Par Faustine Goldberg-Sigal

 

A l’occasion du mois des fiertés, Spotify a produit un podcast appelé COMING OUT qui “donne la parole à des personnalités connues, et moins connues, qui racontent leur coming out et leur parcours pour s’accepter pleinement. En filigrane, ils et elles dessinent une génération qui a décidé de s’assumer et de ne pas avoir à justifier sa propre sexualité. Coming Out est un podcast original Spotify, imaginé et réalisé par Elise Goldfarb et Julia Layani.” Comme le précise le magazine Paulette, “Grâce à leur projet « Coming Out », Elise et Julia, avec l’aide de Spotify France, ont pu faire un don de 20 000€ à l’association Le Refuge, qui oeuvre à aider et à protéger les jeunes LGBTQI+ en situation précaire. Un podcast d’utilité publique, et qui ne cesse de faire le buzz, jusqu’à avoir réussi à se hisser en première place du classement des podcasts français sur Spotify.”

 

Les épisodes,  tous accessibles sur Spotify, figurent des personnalités telles que le rappeur Eddy de Pretto ou le député Mounir Mahjoubi mais aussi des anonymes. Parmi eux, un certain Nathan, qui raconte son coming-out dans le milieu orthodoxe de Strasbourg. Il y raconte le rôle qu’y ont joué ses parents et sa famille, mais aussi son école, des enseignants aux camarades de classe, ainsi que ce qu’on lui avait appris quant au judaïsme, explicitement ou implicitement depuis l’enfance. 

 

Pour de nombreux éducateurs juifs francophones de ces milieux, orthodoxes ou non, c’est l’occasion d’écouter un récit à la première personne sur la complexité et la violence qui peut accompagner un tel parcours. J’ignore ce qu’est la statistique en France, mais je n’oublie jamais l’effroyable chiffre que m’avaient appris des volontaires de l’association LGBT juive britannique Keshet UK : au Royaume-Uni, un adolescent homosexuel sur deux et deux enfants transexuels sur trois ont fait une tentative de suicide. Une adolescence LGBT conduit en majorité à tenter de mettre fin à ses jours. Comme le rappelle le Grand Rabbin Mirvis, rester silencieux face à cette situation est une transgression halachique (lo taamod al dam reecha, ne reste pas silencieux face au sang de ton prochain, i.e. la réprobation de la non-assistance à personne en danger). Rappelons que seule une pratique sexuelle particulière et non l’identité homosexuelle en général, qui est complexe et riche, est régulée dans la Torah. J’ai également été saisie par la pudeur et le respect qui se dégage des mots de Nathan quant à ses parents, sa famille, l’étude de la Torah et le judaïsme en général. 

 

Gabriel Abensour est né et a grandi à Strasbourg. Il est maintenant chercheur et enseignant (entre autres de halacha) à Jérusalem. Nous l’avions déjà interrogé au sujet du beit midrash Ta Shma qu’il a cocréé et codirige avec le rabbin Bitya Rozen-Goldberg à Jérusalem dans un article accessible ici. Nous reprenons ici (avec son amicale autorisation) la recension qu’il a écrit de ce podcast sur Facebook : 

 

Très très touché par ce témoignage de Nathan, qui a grandi dans une famille religieuse à Strasbourg. Sur la difficulté à se découvrir LGBT dans des communautés homogènes, sur le long chemin vers l’acceptation de soi et vers l’acceptation de son enfant.
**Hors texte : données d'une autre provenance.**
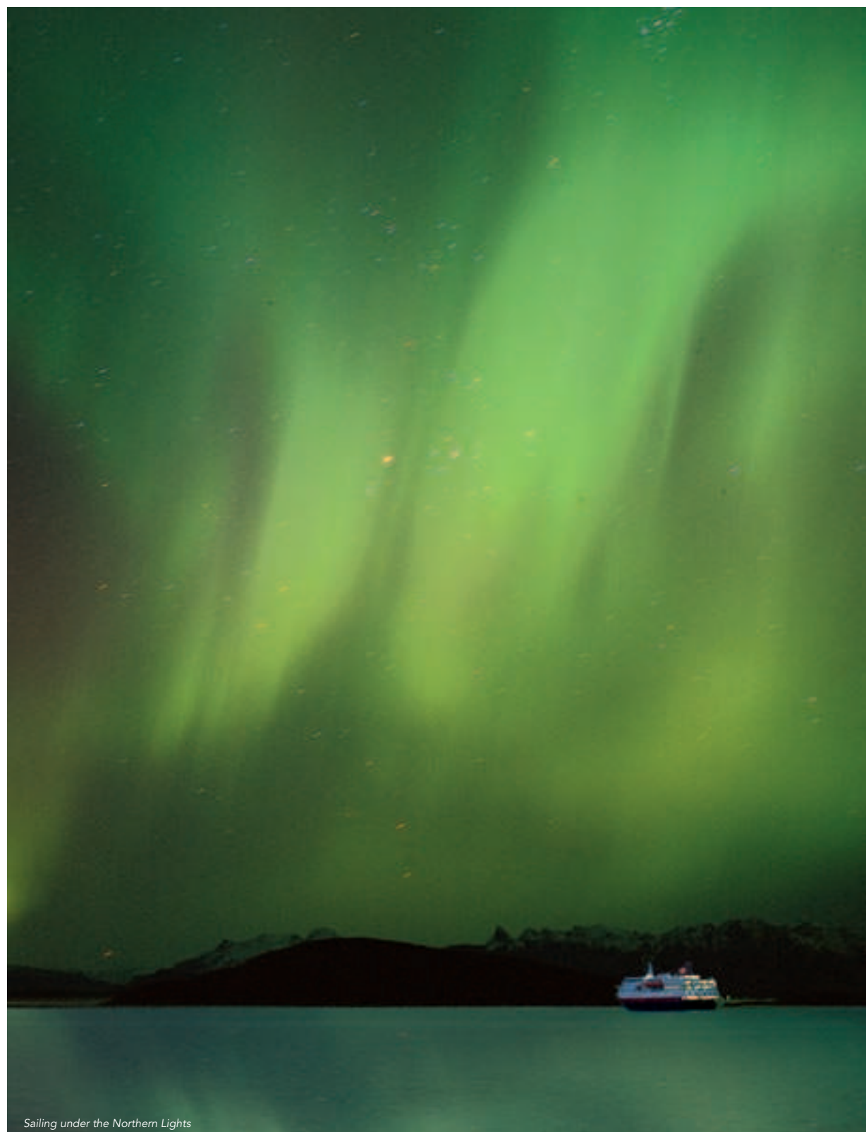
Sailing under the Northern Lights

Full tour information is outlined on the following pages – you may select which journey you wish to take, based on what best suits your time, budget and expectations.

J’ai fréquenté les mêmes écoles et les mêmes synagogues que Nathan. Je me rappelle de bien trop de propos homophobes, parfois prononcés par l’équipe pédagogique. Lors d’un séjour en 2015, j’ai entendu un pseudo « dvar torah » homophobe, à grand renfort de théories psychanalytiques douteuses, dans une synagogue où Nathan était peut être. Je regrette encore de m’être tu, alors qu’il y avait certainement un jeune présent qui se posait des questions sur lui-même ou un père qui devra un jour apprendre à accepter sa fille telle qu’elle est.

Ne pas se taire, c’est peut être la chose la plus simple et la plus efficace que chacun peut faire, à chaque moment. Et tant pis si cela vous vaut les noms d’oiseaux habituels – libéral, gaucho, bien-pensant, etc… C’est un moindre mal, comparé à ce que ces jeunes (et moins jeunes) doivent entendre au quotidien.

Parce que des jeunes n’ont pas à passer des années terribles dans les écoles juives, parce qu’aucun LGBT juif ne devrait un jour avoir à choisir entre couper les ponts avec son monde pour vivre, ou vivre une vie faite de haine de soi et de mensonges dans ce même monde.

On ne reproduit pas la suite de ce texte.